Again referring to the problem of the initial hang: I split the incoming stream into two separate TCP inputs (from rsyslog to logstash), and this has helped throughput under load tremendously. I suspect we won't be able to recreate the crash.
@martijnvermaat @onnos Here's what I can make of your queue state:
The oldest page is 3470 which contains the sequence numbers range of [1669303167..1669780635] and the First Unacked Sequence Num (FUS) is 1669595327, so there are 185309 (+/- 1, unimportant here) unacked events in that page.
The next page 3471 is the one with the 0 byte size and contains the sequence number range [1669780636..1670260155] and FUS is 1670260156 which means it is fully acked.

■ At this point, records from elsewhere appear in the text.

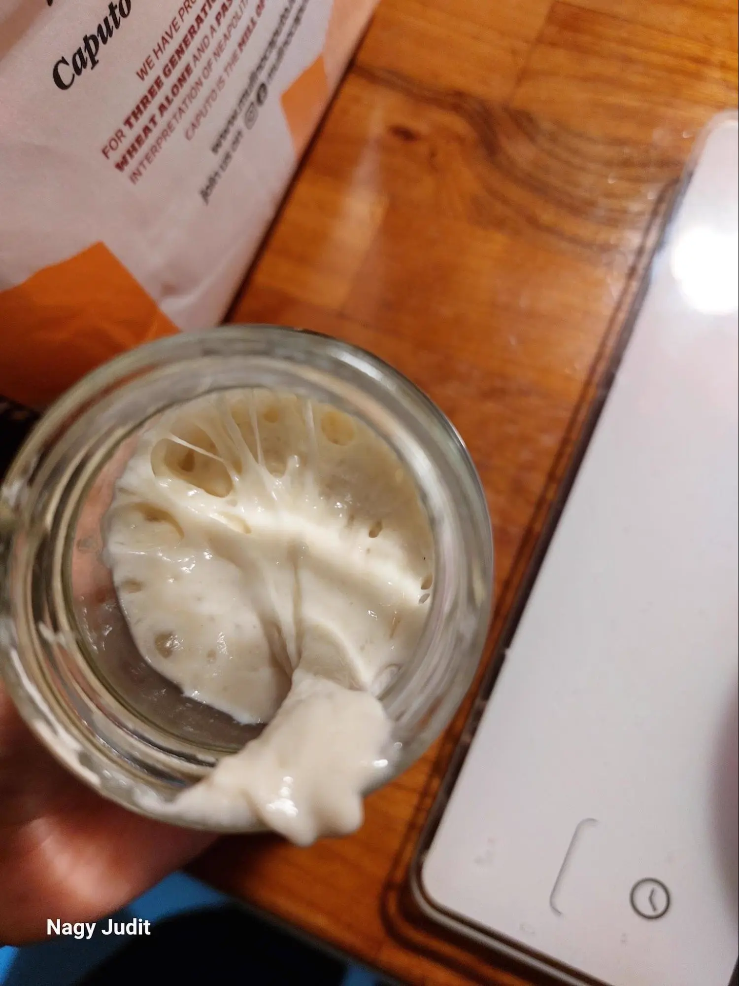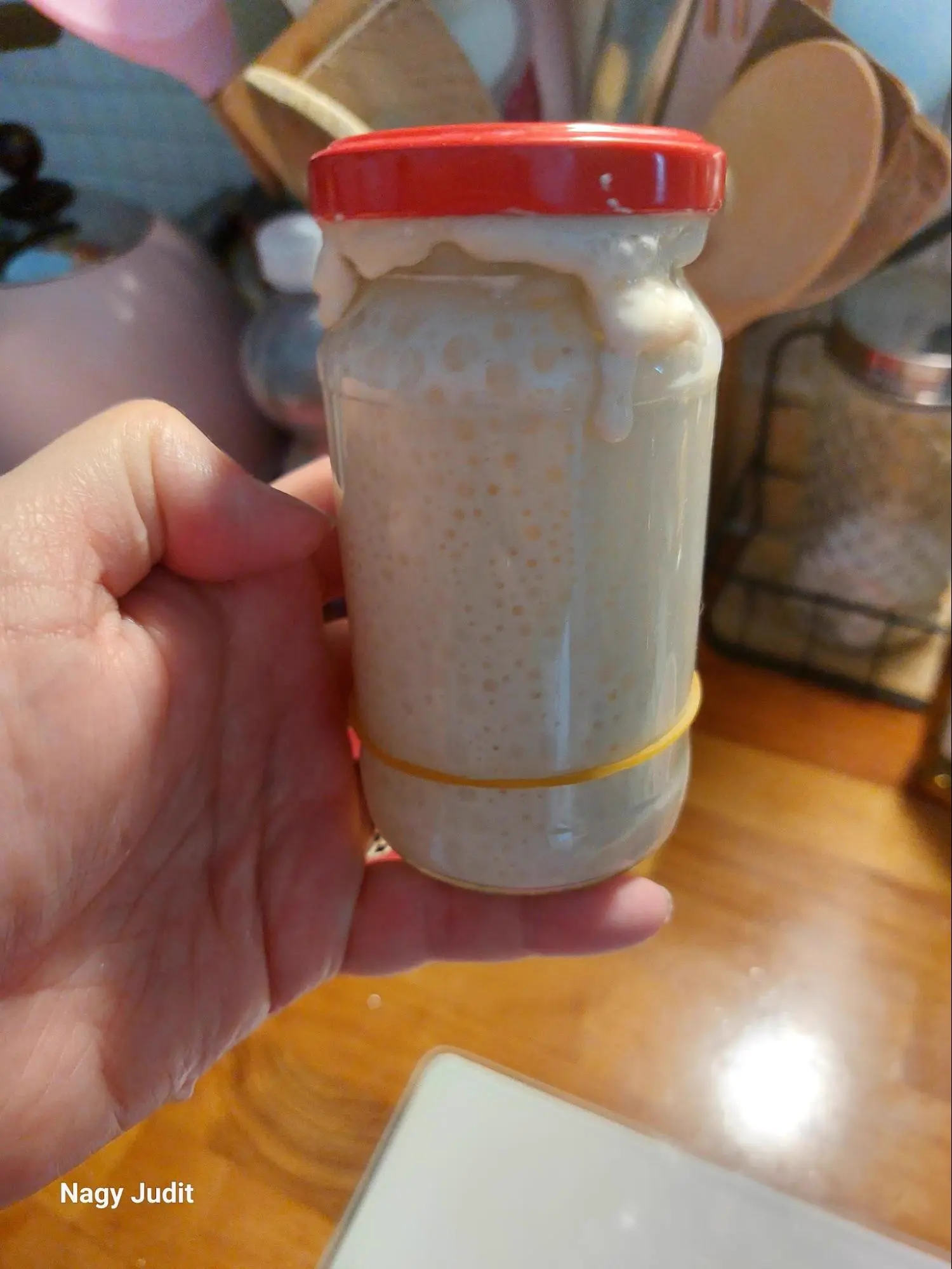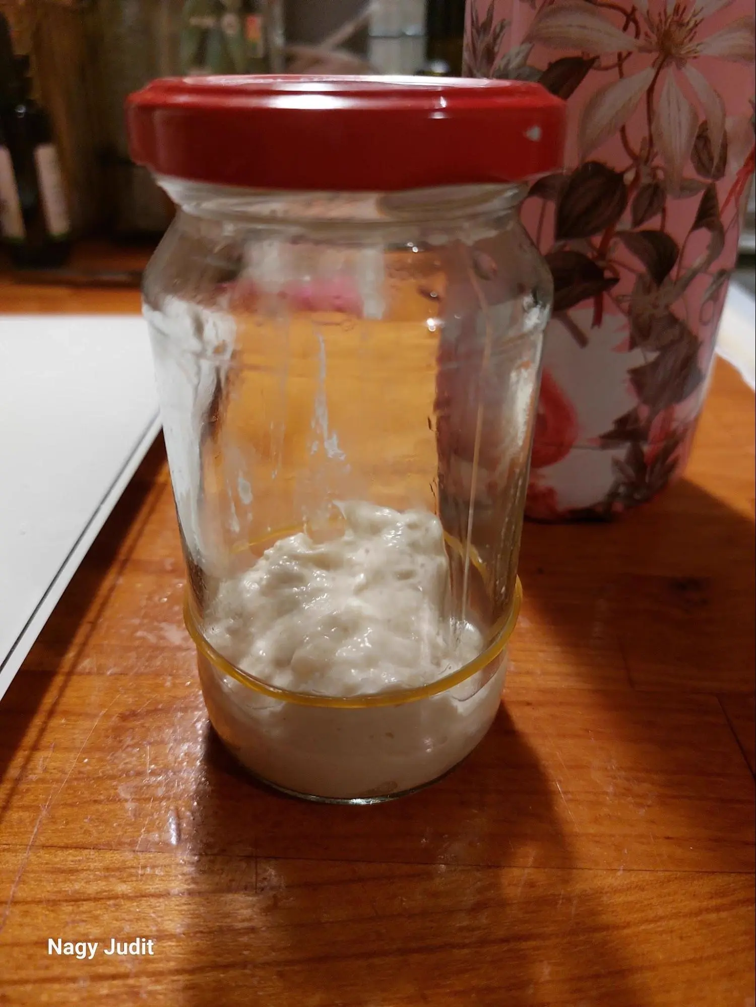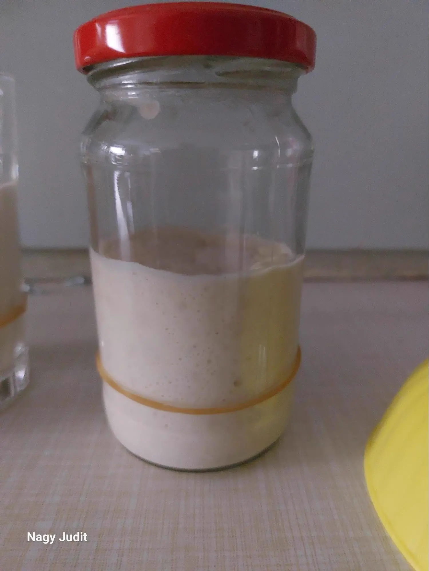 Nem etetem csak összekevertem 2 óra múlva szépen vissza nőtt, de nagyon folyós lett igy vizet kevesebbet adtam neki mivel még nagyon kis fiatalka nem mertem a liszten emelni nehogy visszafogjam.
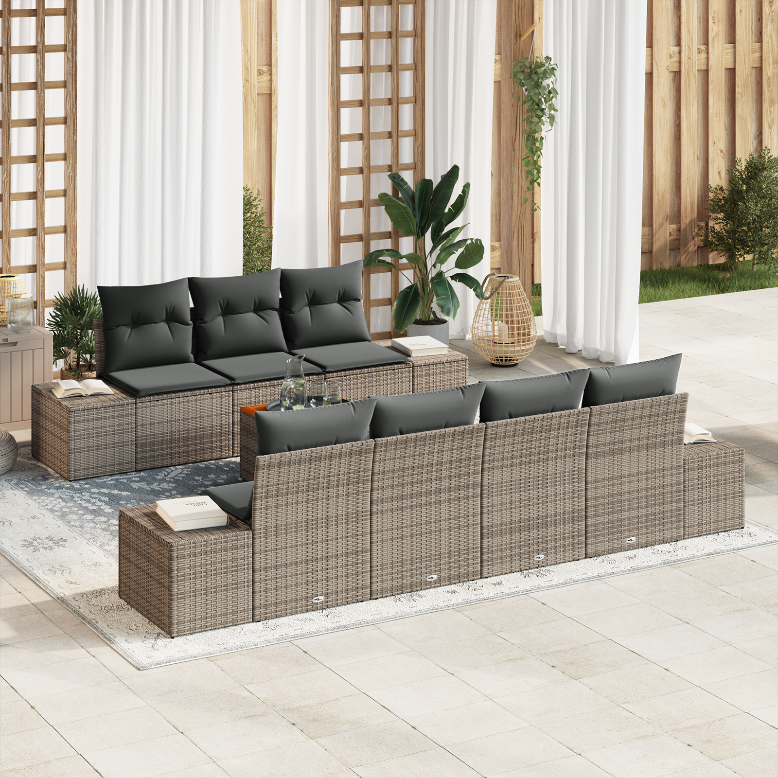 Tento moderní zahradní pohovkový set je skvělou volbou pro venkovní nábytek, ideální pro každou terasu nebo zahradu. Navržený pro moderní majitele domů, spojuje styl a funkčnost se svým krásným designem a modulárními prvky, které nabízejí spoustu možností uspořádání. Ať už si užíváte slunce v létě nebo pořádáte venkovní akci, tento set poskytuje univerzální sezení, které hezky ladí s moderními exteriéry. Je vyrobený z polyratanu a akáciového dřeva, takže vypadá sofistikovaně a pohodlně zároveň.
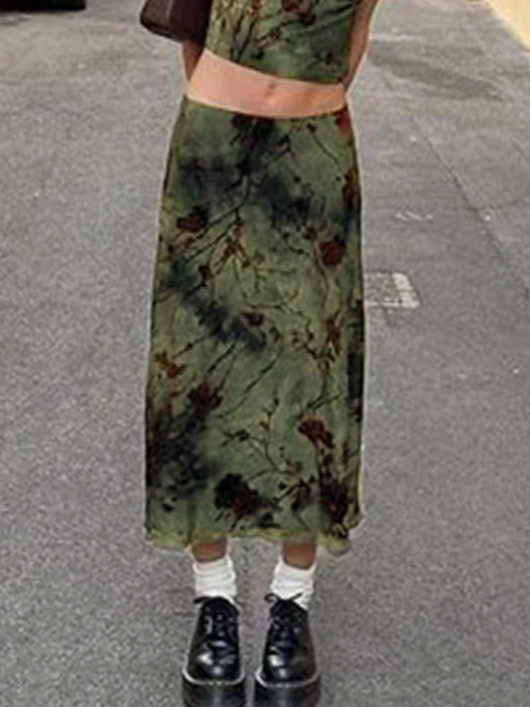 Harajuku Floral Print Long Skirt Vintage Low Rise Straight Midi Skirts for Women Autumn Basic All-match Skirts Ladies Y2k
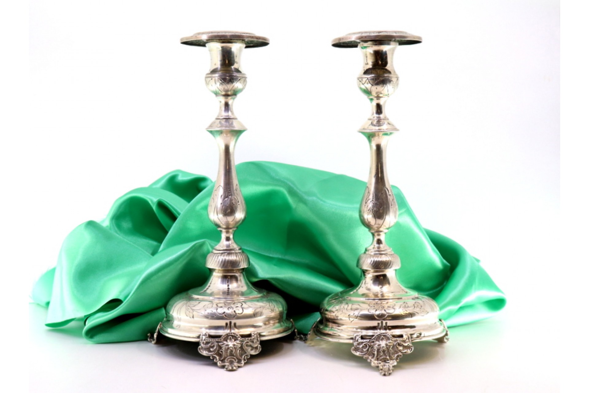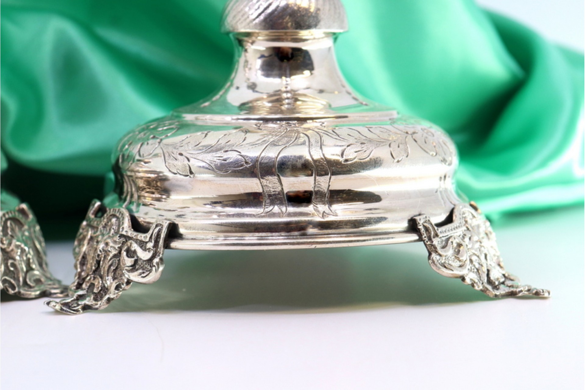 • Descrição: Castiçais em prata com motivos florais gravados, bases circulares e assentes em três pés relevados.
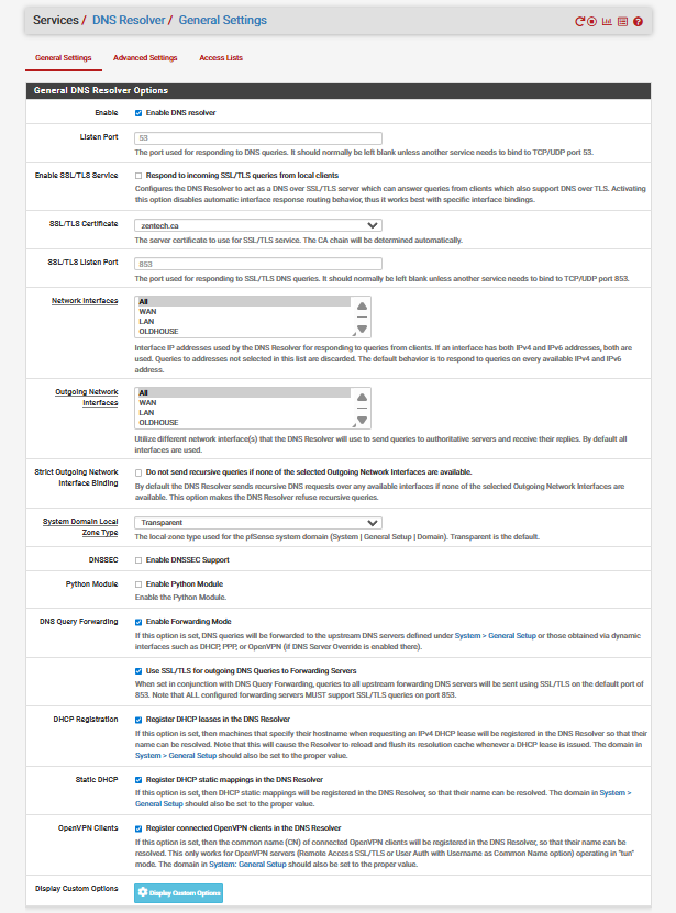 When you enable Forwarding Mode, you need to define upstream DNS server under System / General setup. Otherwise you should disable that option. Also, if you enable “Use SSL/TLS for outgoing DNS Queries to Forwarding Servers” option, you need to define a host name under System / General setup or just disable that option as well. The last three options in your DNS settings should also be disabled unless you really know what you are doing and you actually need them. It seems to me you just enabled everything without knowing what those options do.
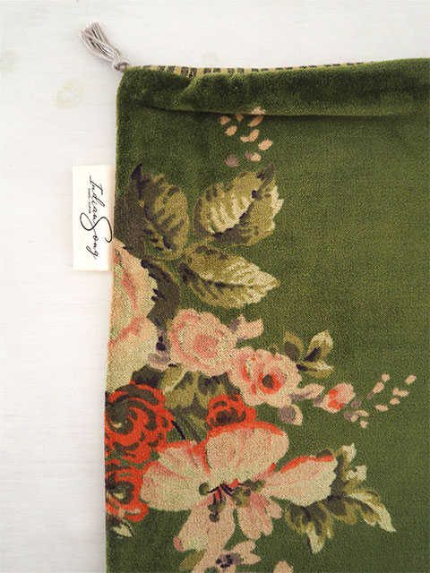 ↑↓表面は、やわらかく、さらっとした肌触りの100%コットンベロア生地をベースに、インドの瑞々しい花木を思わせるような、お花や植物が、華やかかつ繊細なタッチで描かれています。躍動感あふれるお花柄のベロア クッションは、コロンと置くだけで、まるでお部屋に水やりの要らないお庭が出来たような、神秘的な空間へ変わります。
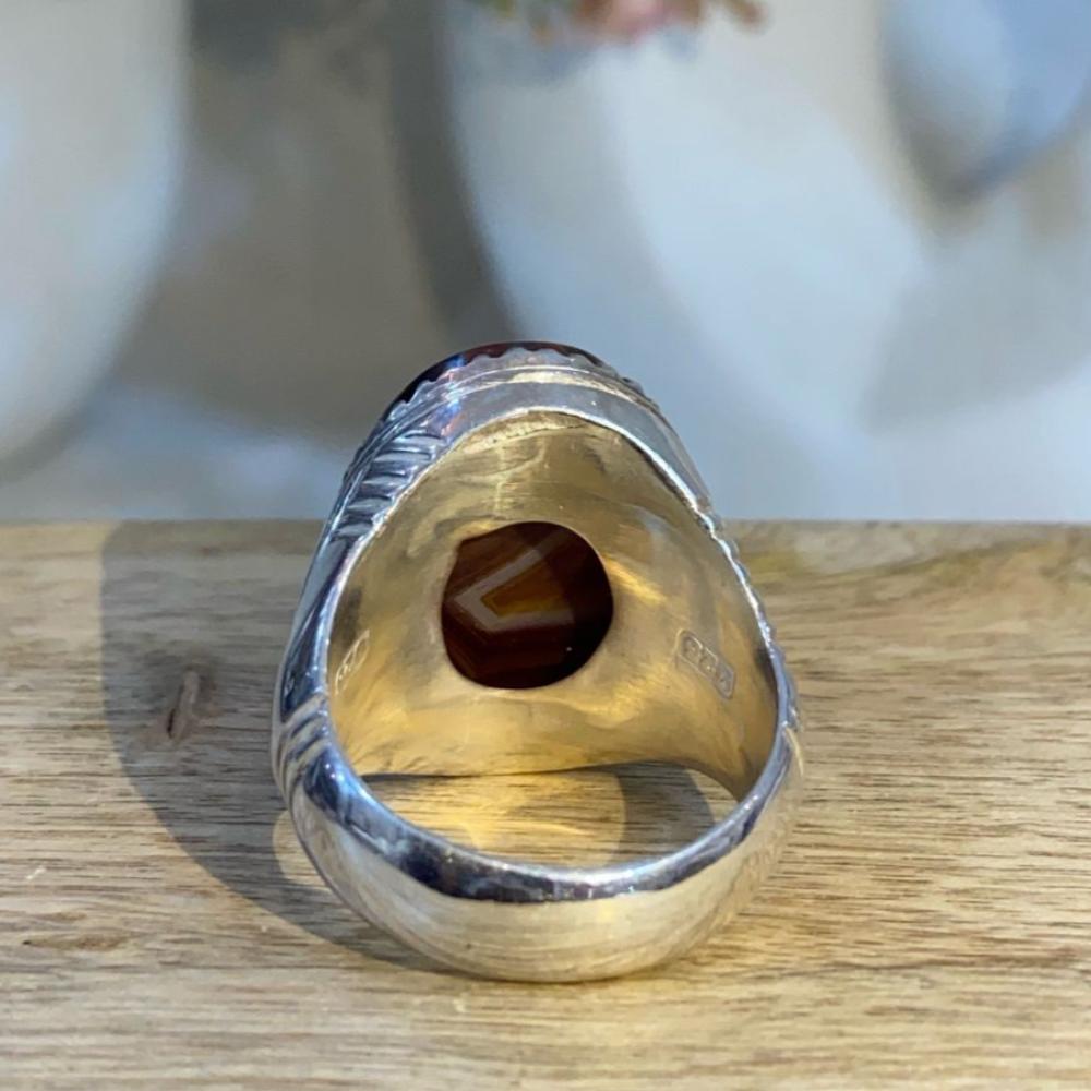 خاتم رجالي أنيق يتوسطه حجر عقيق يماني مجزع طبيعي يتميز بتدرجاته وخطوطه الفريدة، مصاغ على قاعدة من فضة 925 مصقولة بجودة عالية.
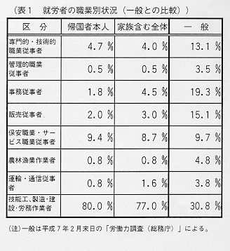 就労している者の職業は多岐にわたっているが,帰国者本人,家族全体のいずれも「技能工,製造・建設・労務作業者」が多くなっている。
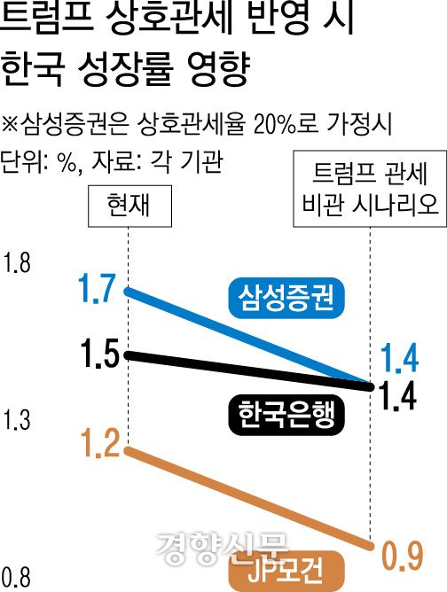 삼성증권은 1.4%까지 떨어질 것으로 내다봤다. 삼성증권은 지난 1일 미국이 20%의 상호관세를 부과한다면 올해 성장률이 기존 1.7%에서 1.4%로, 0.3%포인트 하락할 것이라는 전망을 내놨다. 정성태 삼성증권 수석연구위원은 통화에서“예상했던 것보다 상호관세율은 높아졌지만, 자동차에 추가로 관세를 부과하지 않기로 하면서 성장률 하락 폭은 0.3%포인트가 될 것으로 예상한다”고 했다.

The next pages, 3472+ are all purged and the checkpoint says they are all fully acked up to page 3899 which is the head page.
I see 2 problems here:
1- Page 3470 is stuck behind with a bunch of unacked events. The only explanation I see is that this batch at seq num 1669595327 got stuck in a stalled output up until LS crashed or was restarted. I suspect that if it wasn't for the 0 byte page size, upon restart these events in page 3470 would have been replayed and the queue would have been correctly purged up to the head page. It is definitely worth for us to better evaluate such scenarios and think about how to mitigate it. At first thought I'd say that this is more a stuck output problem than a queue problem per-se. Will followup on this separately.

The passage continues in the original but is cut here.